By Stephen Culp
NEW YORK (Reuters) -U.S. stocks pared earlier gains to close modestly higher on Thursday, while benchmark Treasury yields dropped to multi-month lows after investors rotated out of momentum growth stocks following the U.S. Federal Reserve's dovish pivot.
The dollar hit a two-week low against the euro and more than a four-month low against the yen.
The three major U.S. stock indexes gyrated, reclaiming positive territory by mid-afternoon the day after the Fed's much-anticipated policy decision to leave interest rates unchanged while saying that historic rate cuts are likely over.
«We had the pleasant dovish surprise from the Fed yesterday, and after a huge start to the month of December we’re seeing a little consolidation,» said Ryan Detrick, chief market strategist at Carson Group in Omaha, Nebraska. «But under the surface we're seeing extreme strength from small caps and mid caps while large caps catch their breath, potentially a sign this bull market is broadening out with more stocks participating.»
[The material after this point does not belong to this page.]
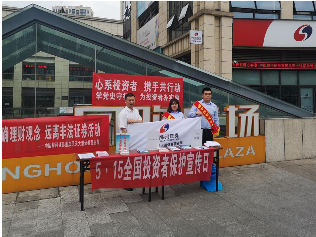
重庆辖区组织证券经营机构开展户外宣传。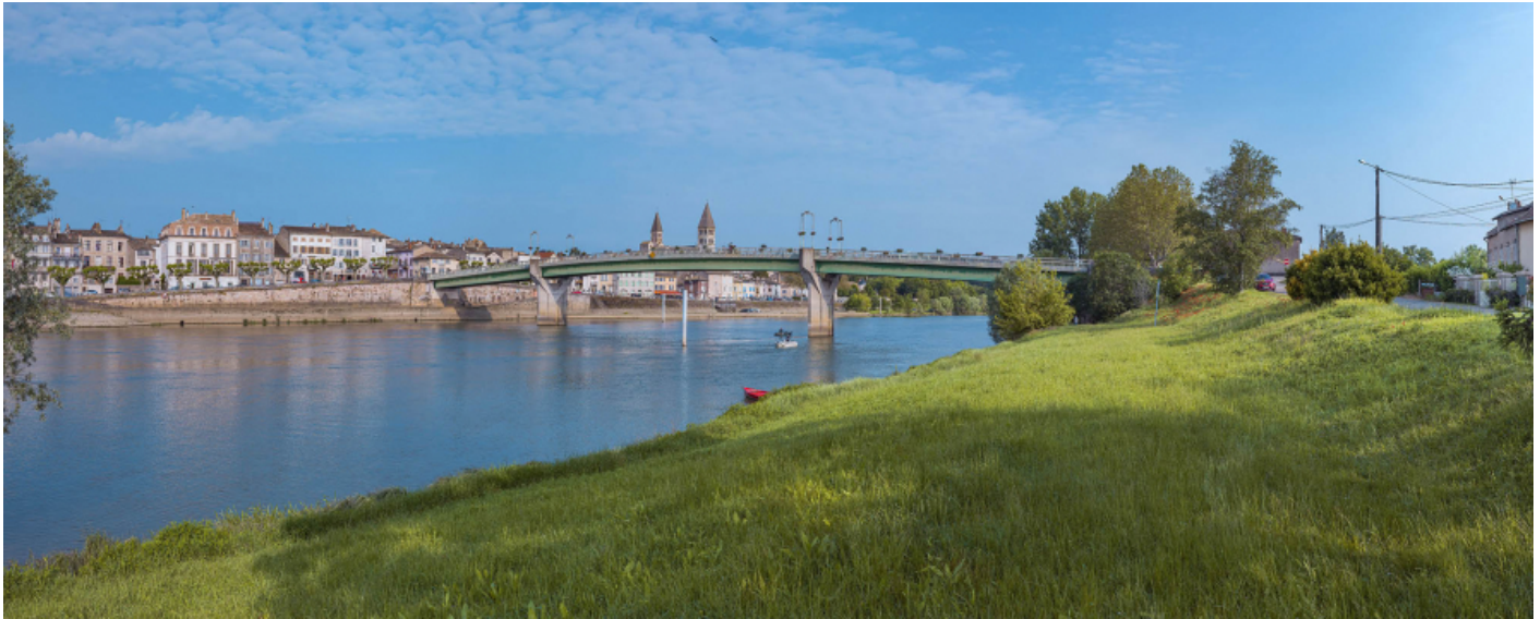
Le pont de Tournus, vu d'aval, depuis la rive gauche.

71, Tournus rue Jean Jaurès, lieudit : PK 110,9

On Wednesday, the Fed indicated its tightening phase was at an end and signaled that rate cuts are in the cards for 2024, sending the Dow to an all-time closing high.
All three major U.S. indexes remain on course for their seventh straight weekly gains.
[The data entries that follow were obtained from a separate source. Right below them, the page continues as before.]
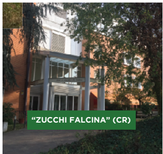
"ZUCCHI FALCINA" (CR)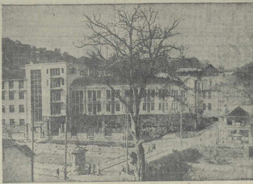
Боржом. Новая гостиница Курортного управления Грузии.

ных зданий к зиме. Это не так. Санатории в Боржоме можно приспособить к зиме. Для этого необходимо только отопить их. Боржомское курортное управление намечало в этом году установить паровое отопление в санатории № 1, однако, нехватка средств не позволила реализовать это начинание. Круглогодичная работа боржомских санаториев, помимо всего прочего, оводорова была бы финансово полезна курорту, а также бы новые средства в кассу Главкурурпа. Управление боржомского курорта — в долгах. Вся энергия работников управления уходит на то, чтобы достать в кредит, до очередного получения денег, продукты для питания больных, размещенных в гостинице. До сих пор руководители Боржомского курортного управления не знают как бурно работать курорт в 1933 году, сколько примет больных, что будет строиться. А ведь курорт, имеющий всеобщее значение, должен благоустроиваться. То, что сделано летом этого года — лишь начало больших работ по реконструкции и благоустройству курорта. С октября после закрытия санаториев на зиму вся культурная работа на боржомском курорте была свернута. В парке Мянвода — пусто... Между тем, жители в Боржоме могли бы быть включены, если бы Главкурорп организовал круглогодичную работу курорта. Д. РЫМОВ.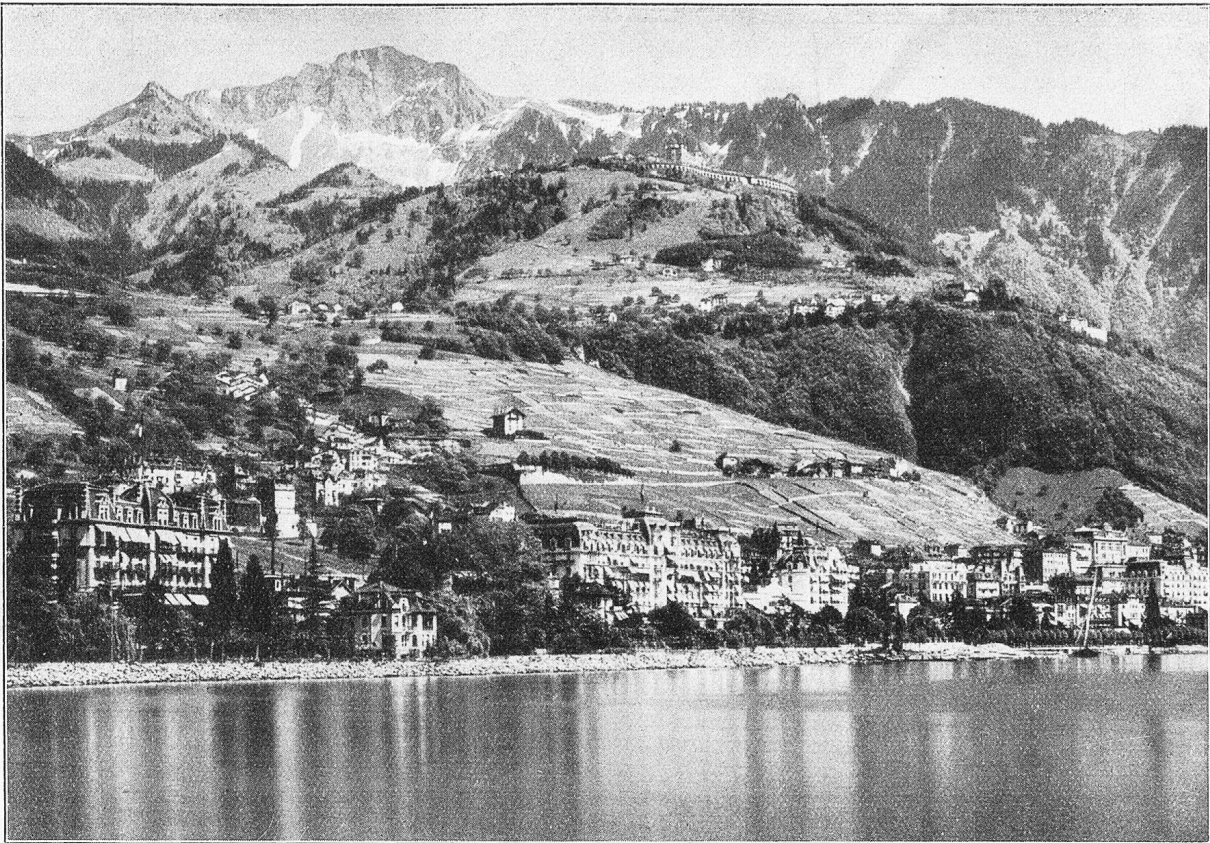
Montreux und die Rochers de Naye (2045 m)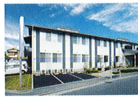
ハートランド 守口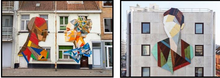
(صوره رقم ١٠) بعض أعمال الفنان البلجيكي Stefaan De Croock جداريات على بعض واجهات مباني المدينة حيث استخدم الأخشاب القديمة الملونة لعمل بورتريهات متأثرا بتكنيك الفن الجماهيري.

تتميز أعمال الفنان البلجيكي Stefan De Croock بإعادة استخدامه لأخشاب الأبواب القديمة بمختلف الأشكال والأحجام والألوان؛ لعمل بورتريهات هندسية Geometric Portraits على واجهات المباني. وهذا التكنيك الذي يتبعه من الأسس الهامة في الفن الجماهيري، من حيث استخدام كل ما هو محلي وإعادة تدويره للوصول إلى عمل فني له طابع الفن الجماهيري.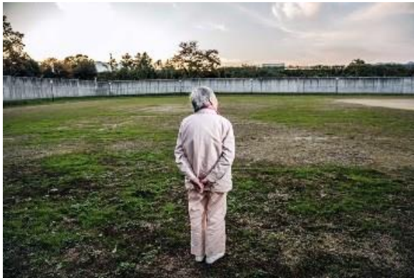
"Tôi vào tù khi đã 84 tuổi", một phạm nhân cho biết.

Cuộc sống cơm áo gạo tiền tuy còn nhiều chật vật, nhưng vợ chồng bà luôn chăm chỉ làm lụng, tích cóp để con cái có cuộc sống đủ đầy, ăn học nên người.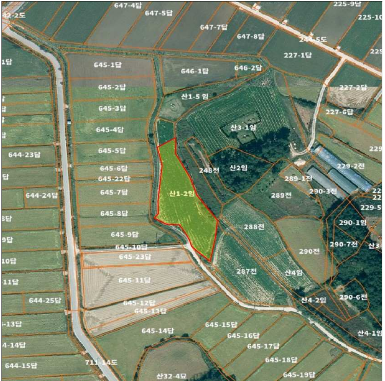
전라남도 해남군 해남읍 백야리 산1-2임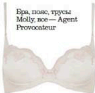
Бра, пояс, трусы Molly, все — Agent Provocateur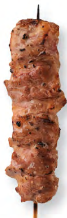
牛リブ 牛肋骨肉 Rib Finger Meat

サラダ・小鉢・温うどん/そば・デザート Salad, Appetizer, Hot Udon or Soba, Dessert 配沙律、前菜、熱烏冬或蕎麥麵、甜品

In a busy day for central banks, the European Central Bank (ECB) also held interest rates steady but pushed back against the notion of rate cuts. The Bank of England echoed the ECB, insisting interest rates would be elevated «for an extended time.
Elsewhere, the Swiss National Bank held rates firm but lowered inflation forecasts, while Norway's central bank surprised with a rate hike.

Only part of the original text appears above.